I obtained the initial guesses by plotting s[q0] for various values of test, for instance.

test = 140; 
Plot[{Through[s[q0][test]][[1]] - 100, Through[s[q0][test]][[2]] - 100}, {q0, 0.8, 1}]

enter image description here

For completeness, here is a Plot of the integrated functions with parameters that satisfy the desired boundary conditions.

Plot[Evaluate@Through[s[q0][t] /. sol], {t, 0, tf /. sol}, AxesLabel -> {t, "x, y, q"}]

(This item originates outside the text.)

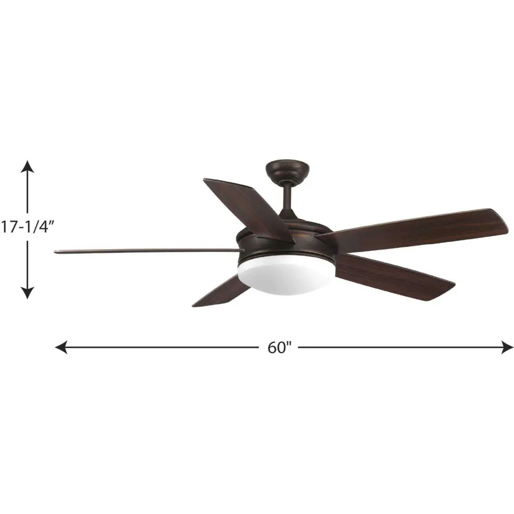 Fresno 60 Inch Antique Bronze With Dark Walnut/cherry Blades Ceiling Fan, Progress Led

enter image description here

Addendum

In response to comments below, a slightly more efficient approach is

s = ParametricNDSolveValue[{eq /. {v -> 1, w -> 3 10^-5, r -> 2 10^-4, xo -> 20, yo -> 20},
   x[0] == 0, y[0] == 0, q[0] == q0}, {x, y, q}, {t, 0, tf}, {q0, tf}];
sol = Quiet@FindRoot[(Through[s[q0, tf][tf]] - 100)[[1 ;; 2]], 
    {tf, 140}, {q0, 1.0}, Evaluated -> False]
(* {tf -> 141.238, q0 -> 0.885835} *)

as before. (Quiet has been added to suppress unimportant error messages produced when guesses are not so good.) Interestingly, a second solution also exists.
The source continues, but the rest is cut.